At the beginning of the text, Padmanabha invokes Ganesha and Sarasvati to grant him the ability to recount Kanhadade's story. He extolls the Sonagiri Chauhan lineage and their capital city of Jalore.

=== Ulugh Khan's raid of Gujarat ===

The author then describes the conquest of Gujarat by the Alauddin Khalji, the Muslim ruler of the Delhi Sultanate: Gujarat was ruled by the Baghela king Rao Karnade. One day, Rao Karande humiliated his favorite minister Madhava, killed Madhava's brother Keshava, and abducted Madhava's wife. Madhava swore revenge and instigated Alauddin Khalji to invade Gujarat.

Alauddin agreed to Madhava's plan and started planning an invasion of Gujarat. He sent envoys to all the kingdoms lying on the route connecting Delhi and Gujarat, requesting a safe passage for his army. Kanhadade of Jalore was the only king who refused to oblige to this request. He declared that allowing the Delhi army to pass through his kingdom would be against dharma because it would result in devastation of villages, enslavement of women, looting, and torture of cows and Brahmanas.

Nevertheless, Alauddin's general Ulugh Khan marched to Gujarat with a huge army. The only Rajput who offered him any resistance in Gujarat was the Modasa chief Batada, who was defeated. Karnade, the king of Gujarat, fled his capital, following which the Muslim invaders destroyed the city's temples and converted them into mosques. Ulugh Khan then sacked Somnath, where all the priests died trying to prevent him from desecrating the city's Shiva temple. Ulugh Khan returned to Delhi with the Somnath lingam, which was to be smashed in Delhi in order to prove the superiority of Islam.

=== Kanhadade's victory over Ulugh Khan ===

Next, the poet describes how Kanhadade recovered the Somnath lingam: The goddess Parvati appeared in Kanhadade's dream, urging him to rescue the lingam, as Ulugh Khan's army passed through his kingdom. Kanhadade sent his spies to Gujarat, and learned that Ulugh Khan's army was one of the grandest armies ever, and had taken hundreds of thousands of Hindus as slaves. Kanhadade gathered all the chiefs from the neighbouring principalities, and attacked the invaders (who are described as asuras or demons).
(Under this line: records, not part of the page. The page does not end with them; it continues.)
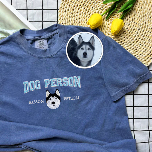 Custom Full-Color Varsity Dog Person Embroidered T-Shirt
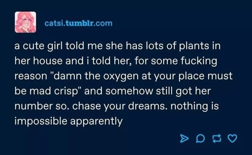 This is gloriously dumb and I love it. “The oxygen at your place must be mad crisp” is peak, unapologetic nonsense, and apparently nonsense works on some people. Respect.
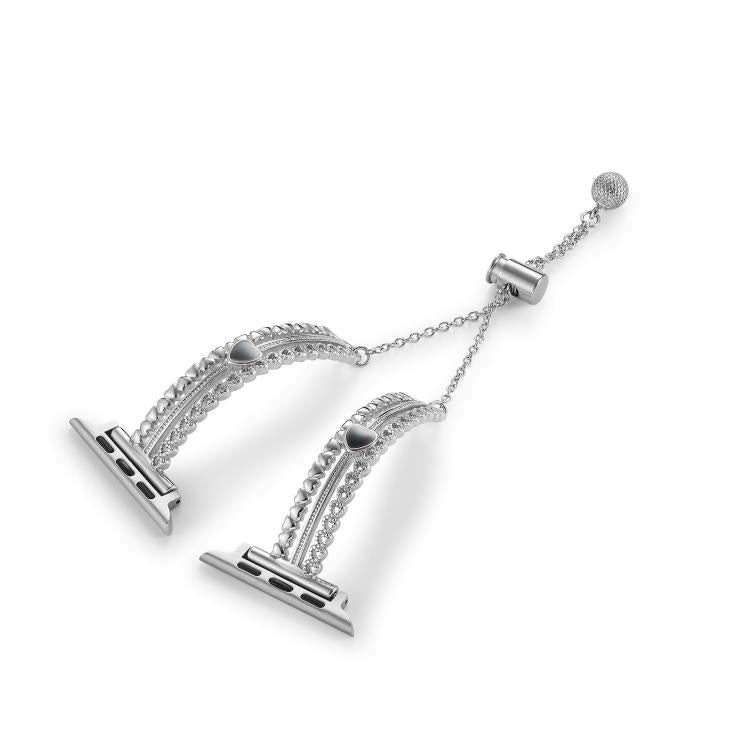 Correa de aleación de zinc con diseño de piedra blanca y amor para Apple Watch de 46 mm, 49 mm, 45 mm y 44 mm (plata)
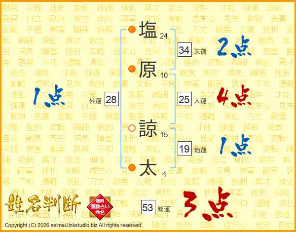 塩(24画)原(10画) 諒(15画)太(4画)

With the blessings of the goddess Ashapuri, Kanhadade and his brother Maladeo defeated the Muslims, recovered the Somnath lingam, and captured Ulugh Khan's nobles Sadullah Khan and Sih Malik.

Kanhadade venerated the rescued lingam, and installed its five pieces at Soratha, Lohasing in Vagada, Abu hill, Saivadi, and a newly built temple at Jalore. This act made the god Shiva present throughout Kanhadade's kingdom.
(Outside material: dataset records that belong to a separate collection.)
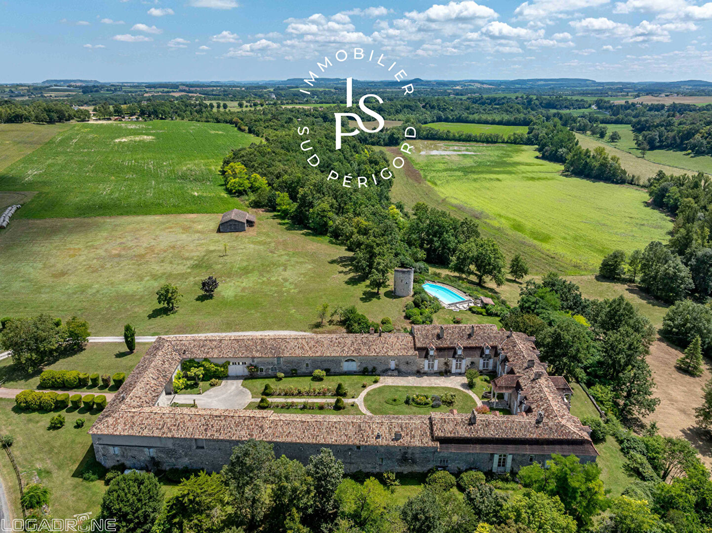 SITUATION: A quelques minutes d'un charmant village avec des commodités et des écoles, cette propriété est située dans un endroit paisible et préservé. Elle se trouve à seulement 5 minutes de Monflanquin, classé parmi les Plus Beaux Villages de France, à 20 minutes de Fumel, et à 45 minutes de l'aéroport de Bergerac. HABITATION: Laissez-vous séduire par le charme incomparable de cette propriété unique, mise en valeur par une magnifique cour intérieure de plus de 1000 m². L'habitation principale, accessible par un élégant porche à colonnes, se trouve de l'autre côté de cette cour. Dès l'entrée, un vaste salon avec cheminée vous accueille, établissant une ambiance chaleureuse et raffinée. En enfilade, une salle à manger baignée de lumière et une cuisine dinatoire attenante complètent l'espace de vie. L'espace nuit se compose de quatre grandes chambres, chacune avec sa salle de bains privative. Un premier logement indépendant offre un grand salon, une chambre avec salle d'eau au rez-de-chaussée, une cuisine avec terrasse privative et, à l'étage, une seconde chambre avec salle de bains. Dans l'autre aile de la propriété, vous découvrirez une grande terrasse couverte avec un coin barbecue, parfait pour des moments de convivialité. A l'extérieur, une superbe piscine à débordement offre une vue imprenable sur la campagne environnante, promettant des instants de détente exceptionnels. CONFORT : climatisation réversible, bois simple vitrage, assainissement par fosse septique, DÉPENDANCES: On trouve également un deuxième logement indépendant de type studio avec chambre en mezzanine. Dans le prolongement des habitations se trouvent deux grandes salles polyvalentes pouvant être utilisées comme garage ou bien comme salle de réception pour des évènements. une grange et une maison de gardien de 3 chambres. une tour a été rénovée pour y accueillir une chambre et une salle d'eau offrant un lieu tout à fait charmant. TERRAIN: La propriété s'étend sur un terrain d'environ 9 hectares, comprenant une partie boisée et une prairie, ainsi qu'une grange idéale pour le stockage de matériel. Benoit GARRIGUES (EI) Agent Commercial - Numéro RSAC : - .
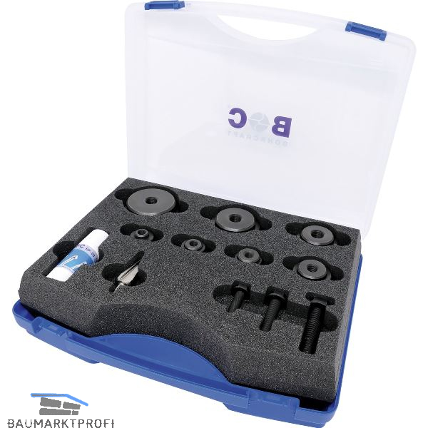 Lieferung inkl. Blechlocher ø 16,5 mm (M 16), 20,4 mm (M20/PG 13,5), 25,4 mm (M 25), 32,5 mm (M32), 40,5 mm (M 40), 50,5mm (M 50), 63,5 mm (M 63), Ersatzschraube MF10 x 1.0 / MF12 x 1.5 / MF16 x 1.5, Blechschälbohrer HSS Gr. 2 (6 - 20 mm), BP20 - Bohrpaste in Drehstift, 20 ml, im Kunststoffkoffer.
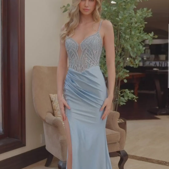 Glow from every angle in this fitted shimmer jersey gown, crafted to hug the body with smooth, luminous elegance. Woven rhinestones blanket the bodice, creating a radiant, high-impact sparkle, while delicate spaghetti straps add a refined, feminine touch. A concentrated rhinestone panel enhances the thigh-slit opening, drawing the eye with dazzling detail. Finished with a floor-length skirt and a bold thigh-high slit, this gown is the perfect blend of sleek sophistication and show-stopping shine.
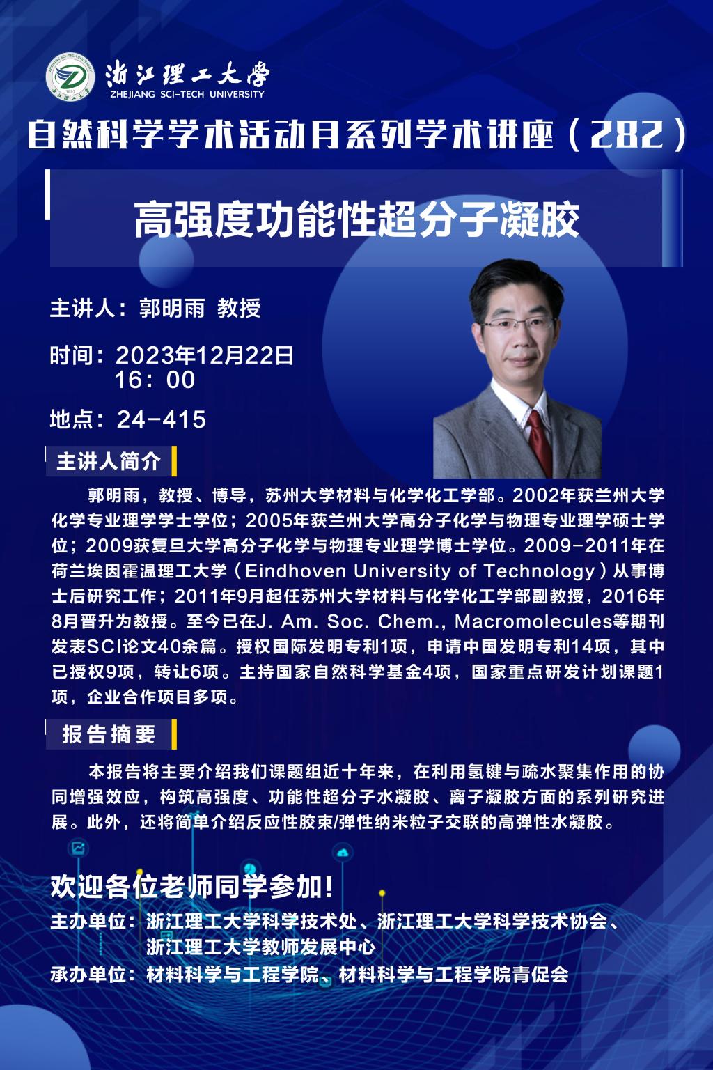 学术讲座【73】:高强度功能性超分子凝胶
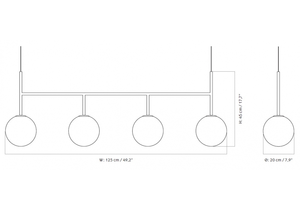 TR Frame firmata da Tim Rundle per Audo Copenhagen è una lampada a sospensione realizzata in acciaio verniciato a polvere nero, lampadine in vetro nella finitura bianco opaco.

=== Invasion of Sivana ===

Padmanabha next describes the Siege of Siwana (Sivana): When Ulugh Khan's defeated army reached Delhi, Alauddin sent an army led by his generals Nahar Malik and Bhoja to invade Kanhadade's kingdom. The army besieged the fort of Sivana, which was held by Satala. Satala defeated the invaders, killing Nahar Malik and Bhoja.
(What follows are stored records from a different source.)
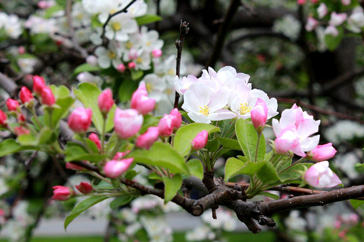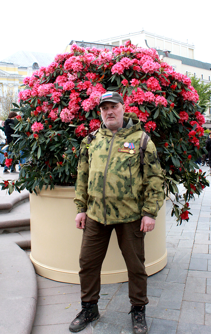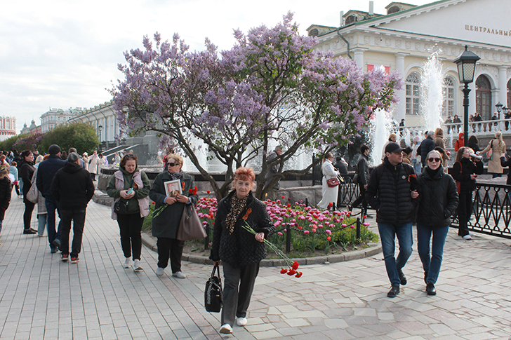 Яблони в цвету, аромат сирени и море улыбок Утро 9 Мая в Москве началось с теплого ветерка, несущего запах цветущей сирени. Белые, лиловые, розовые кисти будто специально расцвели к празднику, украшая улицы и скверы. А рядом — нежные яблони, осыпающие тротуары лепестками, словно живое конфетти. Но главное украшение города в этот день — люди.
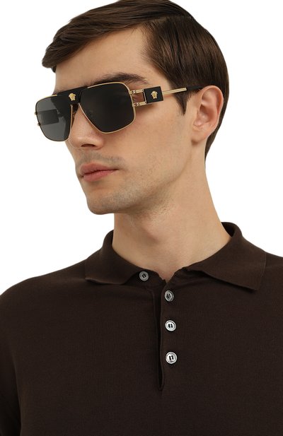 Безободковые авиаторы из металла украсили рельефным меандровым узором и выгравированным логотипом на дужках. Аксессуар оснастили дымчатыми линзами со 100% защитой от ультрафиолета.
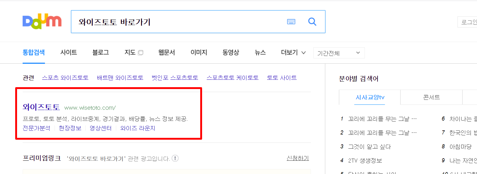 1. 다음(daum)검색창에 "와이즈토토 바로가기"를 검색합니다.
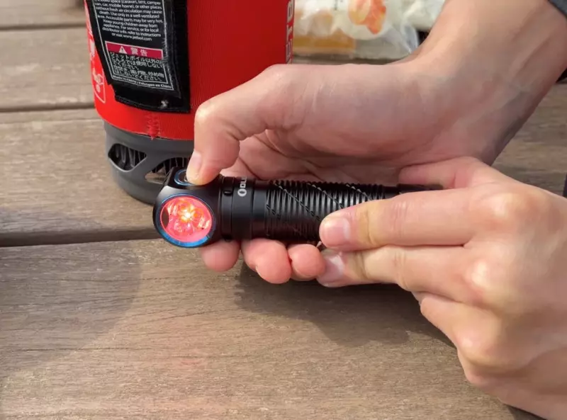 ボタンを押し続けると明るさが3段階で切り替わっていきます。明かりがついた状態でボタンを2回押すと最大と最小を切り替えることができます。明かりが消えた状態で、ボタンを2回押すと赤色ライトが点灯します。
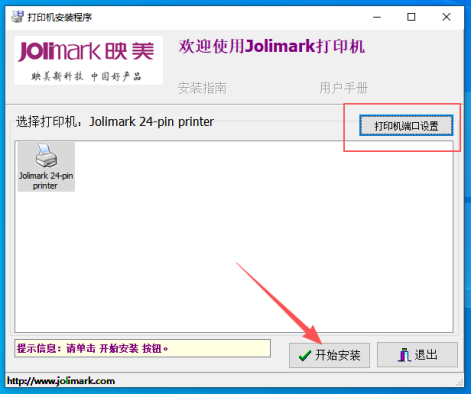 3、根据打印机连接情况设置端口,然后点击开始安装。
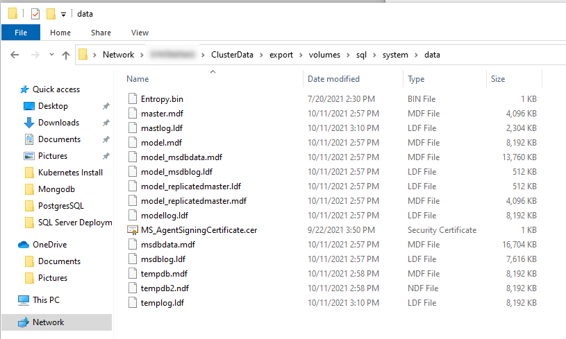 Later, we will map directories on our Pods, that SQL Server uses, and map those to the NFS share directories. We will see how this is done a little later when we look at Persistent Volumes and Persistent Volume Claims.

Alauddin then personally led an army that besieged Sivana. One day, the goddess Ashapuri appeared in Kanhadade's dream, and showed him the invaders' camp. There, Satala saw Alauddin in form of the god Rudra-Shiva, and therefore, decided not to strike a blow against him. Facing a certain defeat, the women of Sivana committed suicide by self-immolation (jauhar), while the men fought to their death.

=== Furuzan's love for Viramade ===

The narrative of the poem now moves from war to love: After a skirmish between the armies of Delhi and Jalore, Alauddin decided to march to Jalore. His daughter Furuzan (also called Piroja or Sitai) told him that Kanhadade was the tenth incarnation of the god Vishnu, and would kill him if he tried to invade Jalore.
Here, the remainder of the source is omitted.